Photorealistic images of nonsensical scenarios are an astounding technical achievement according to Google. But it says its AI system Imagen is not ready for public use, thanks in part to cultural bias in the imagery.
Instructions to produce images such as “teddy bears swimming at the Olympics 400m Butterfly event” (pictured below) or “A giant cobra snake on a farm. The snake is made out of corn.” sound like the work of human artist Jim’ll Paint It. However, they’re actually the work of Google’s Imagen, a challenger to several other systems, most notably Open AI’s DALL·E2.
While computers can produce such images much quicker than a human, there’s a definite challenge to the AI. It needs to work out exactly what the instructions mean, including identifying the visual components and the way they need to fit together. It then needs to create the components of the image from its reference library and then arrange them in the correct manner. Finally, it needs to make sure the parts of the image fit together in a “realistic manner” with appropriate shadows and other visual effects.
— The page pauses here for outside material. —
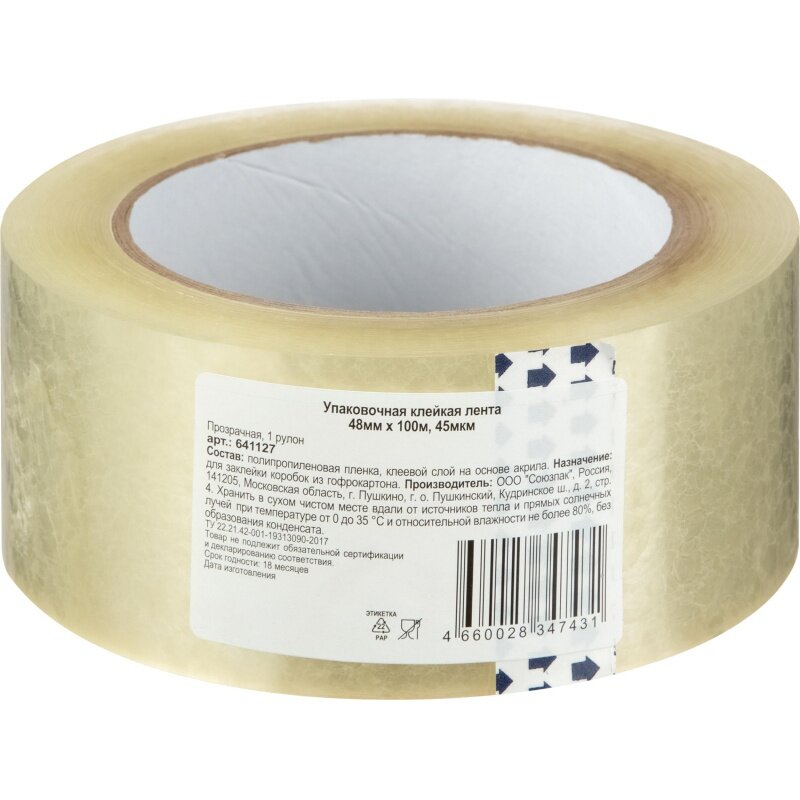 Клейкая лента упаковочная прозрачная 48 мм х 100 м толщина 45 мкм, 641127 366 ₽

According to a research paper from Google, scaling the text encoder, which figured out exactly what the image should be, had a bigger effect on results than scaling the diffusion model, which created the imagery. As you’d expect, it says its studies showed human rates were more likely to find Imagen’s images more realistic and closer to the text input than those from other systems.
However, it won’t be releasing the code or running a public demonstration at the moment for two reasons. First, it wants to explore the potential for how misuse could impact society. Second, it fears the dataset it used means the system may still have:
an overall bias towards generating images of people with lighter skin tones and a tendency for images portraying different professions to align with Western gender stereotypes… even when we focus generations away from people, our preliminary analysis indicates Imagen encodes a range of social and cultural biases when generating images of activities, events, and objects.